The committee was convened to study how to better control what critics saw as runaway spending at both the water bureau and the city branch in charge of sewers, the BES. The two bureaus had a combined capital budget of about $210 million in fiscal year 2014-2015.
“Our recommendations reflect the fundamental conclusion that the people of Portland, ratepayers and the City itself will be better served by a significantly strengthened system of oversight,” stated the report, signed by Holton and the other members.
Critics of the Water Bureau’s spending mounted a all out offensive earlier this year and attempted to spin the water bureau off into it’s own independent public utility.

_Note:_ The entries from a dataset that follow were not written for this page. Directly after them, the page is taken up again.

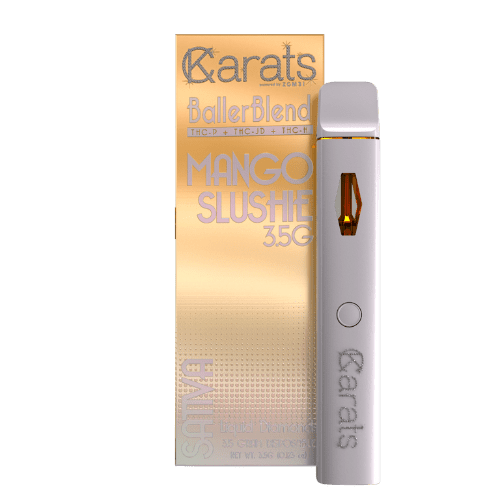 Introducing a new brand that's ready to take over the hemp industry powered by the famous Zombi brand, Carats! Carats Baller Blend Disposables are filled with 3.5g of a proprietary blend of 3 powerful cannabinoids: THC-P, THC-JD, and THC-H. The concentrate in this disposable isn't the regular kind you're using to smoking- its consisted of liquid diamonds. Liquid diamond concentrates are known for their higher purity and is a more premium form of THC.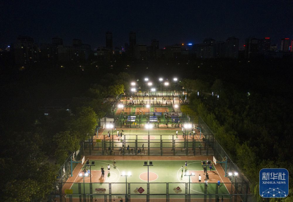 2020年7月29日,市民在宁夏银川市毓秀公园运动场内锻炼(无人机照片)。新华社记者 冯开华 摄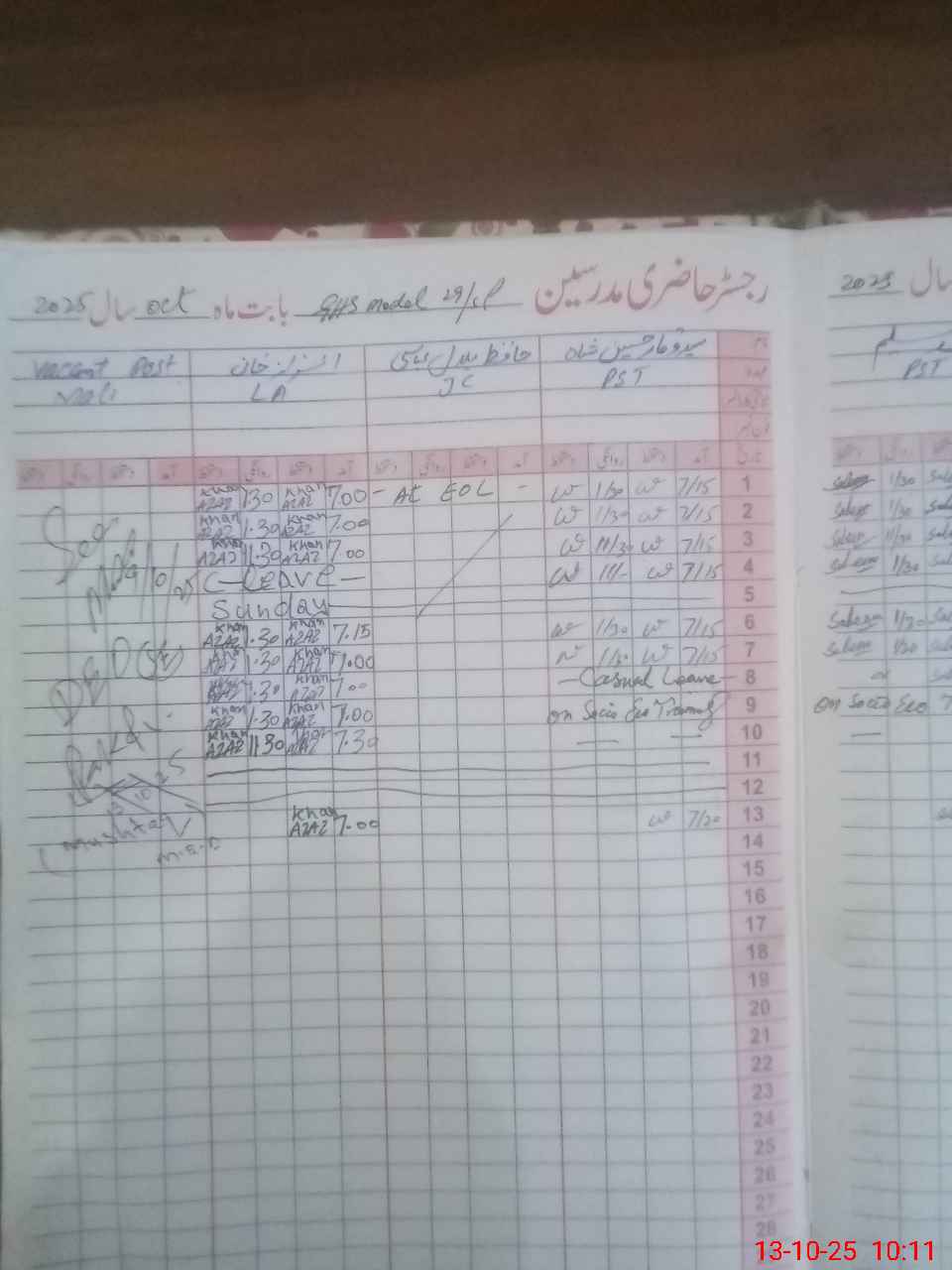 | CNIC | Full Name | Designation | R/C | Absence During Last Calender Month |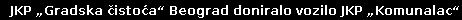 Ovom prilikom, JKP „Gradska čistoća“ Beograd je JKP „Komunalac“ doniralo vozilo za prikupljanje i transport komunalnog otpada zapremine 22 metra kubna, koje će omogućiti kvalitetnije, lakše i efikasnije obavljanje svakodnevnih komunalnih aktivnosti.

A ballot measure put before voters that would have pulled the water bureau from the city’s control was handily defeated in May.
The city’s “Blue Ribbon” committee was launched two months later.

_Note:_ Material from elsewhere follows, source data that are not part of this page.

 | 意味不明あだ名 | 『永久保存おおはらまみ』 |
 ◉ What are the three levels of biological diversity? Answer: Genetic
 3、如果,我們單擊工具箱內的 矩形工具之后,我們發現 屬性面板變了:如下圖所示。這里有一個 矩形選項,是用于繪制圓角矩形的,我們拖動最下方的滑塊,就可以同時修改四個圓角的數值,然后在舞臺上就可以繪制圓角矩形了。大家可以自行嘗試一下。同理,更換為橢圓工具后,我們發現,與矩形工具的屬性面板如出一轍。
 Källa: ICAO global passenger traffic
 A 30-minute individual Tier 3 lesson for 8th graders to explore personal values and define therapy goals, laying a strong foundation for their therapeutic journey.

One of the water bureau’s biggest critics, Kent Crawford, dismissed the effort on Monday, calling it "window dressing."
“There's no tangible reform here," Crawford said of the recommendations. “We’ve had no fewer than five advisory committees looking at this over the years. Now we’re going to create a sixth to do it all over again. I don't expect any difference in outcome. We need more structural change and not more."

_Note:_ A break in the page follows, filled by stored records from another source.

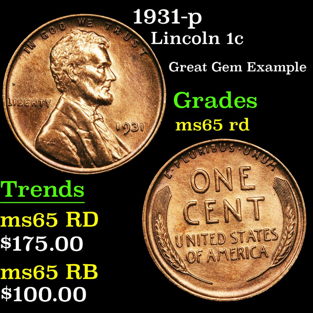 1931-p Lincoln Cent 1c Grades GEM Unc RD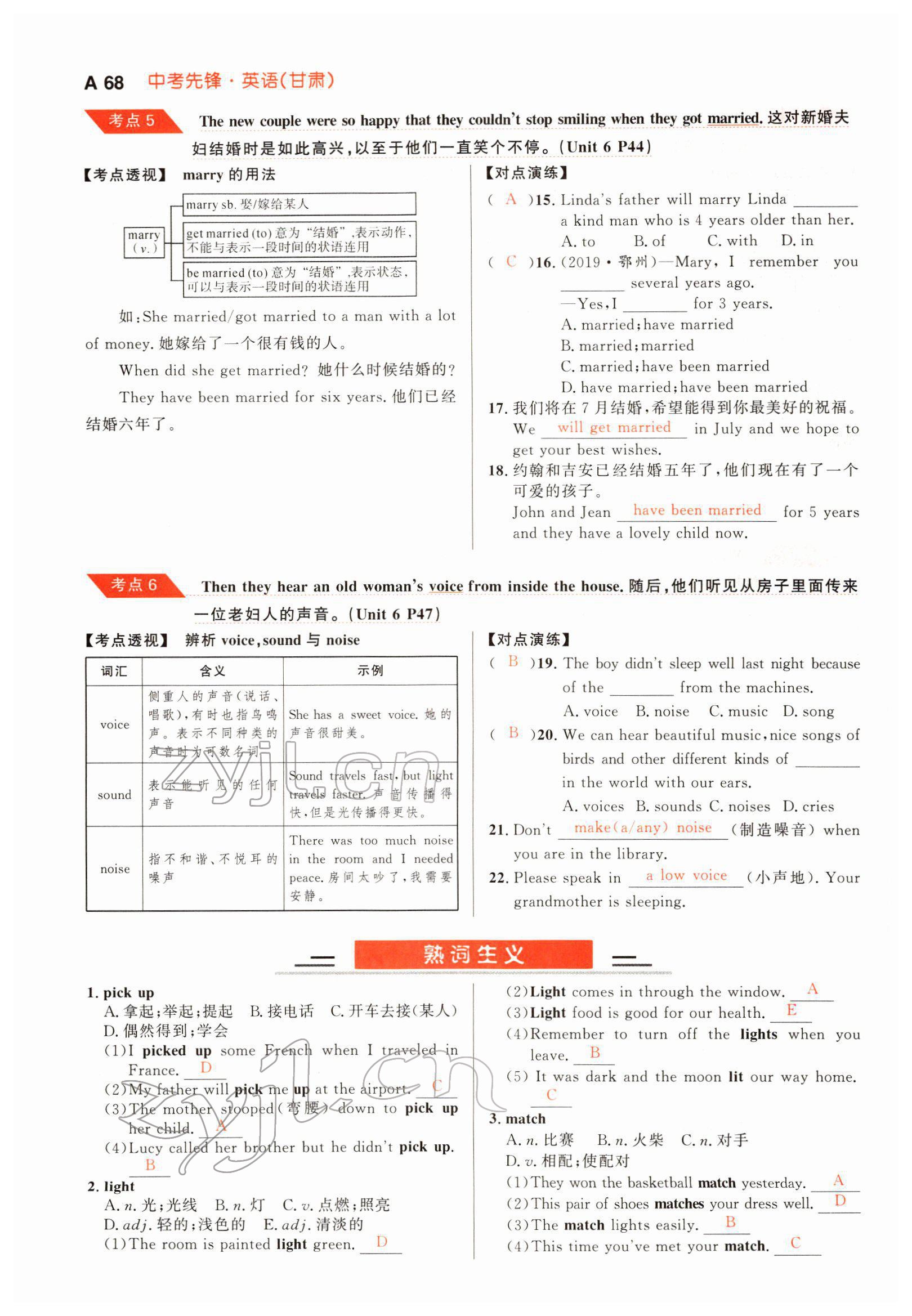 注:目前有些书本章节名称可能整理的还不是很完善,但都是按照顺序排列的,请同学们按照顺序仔细查找。练习册 2022年中考先锋英语甘肃专版吉林出版集团 答案主要是用来给同学们做完题方便对答案用的,请勿直接抄袭。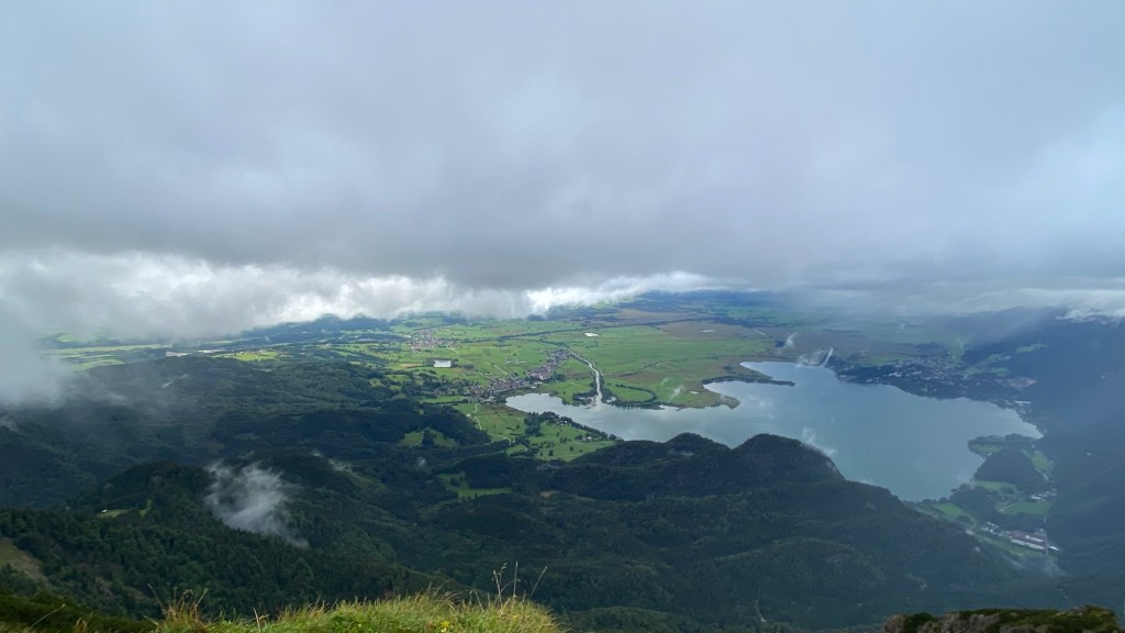 Der Rundumblick, der für ein paar Sekunden möglich ist, gibt die Sicht auf den Kochelsee und die umliegenden Ortschaften frei. Ich muss daran denken, dass es jetzt Samstag kurz vor zehn Uhr ist und viele noch in ihren warmen Bettchen liegen und ausschlafen werden. *seufz*

City officials, however, said the recommendations were a good start.
“We have a very good recommendation that has the value of being generated by an independent blue ribbon commission,” said Jim Blackwood, policy director for Water and BES commissioner Nick Fish said of Monday’s recommendation.
The committee recommended that the Budget Advisor Committee and Public Utility Review Board, that oversee the water bureau and BES respectively, should be replaced with a single, year round advisory board, that would have two full-time staff position assigned to it. The new “Public Utility Board,” as Blackwood called it, could have as many as 11 members on it.
Committee would review the capital improvement programs and budgets for both bureaus’ and be what Blackwood called “prescribed advisors.”
“It would be a year-round board that is unique in it’s advisory role and independent in its ability to analyze spending,” Blackwood said.
Crawford said the idea of replacing two advisory committees with one new advisory committee failed to get at the heart of the problems of unchecked spending by both bureaus, and spiraling costs.
"This is simply City Hall process masquerading as action," Crawford said. "This is more toothless advising."
Crawford slammed the Blue Ribbon committee headed by Holton, saying that it was a "kangaroo court" stacked with political appointees. Chris Liddle, a manager of regulatory affairs at Portland General Electric, was an outspoken opponent of the move to spinoff the Portland Water Bureau, Crawford said.
"You gotta do more than look a the message," Crawford said. "You have to look at the messenger."
Blackwood, however, said the voters had already spoken on the subject and there was no mandate for radical reforms of the two agencies.
“Voters turned down [the May ballot measure] by a 3-1 margin,” Blackwood said. “It didn’t create a mandate for an independent entity.”
Blackwood said it would take the city about six months to devise a legal proposal to put before city council.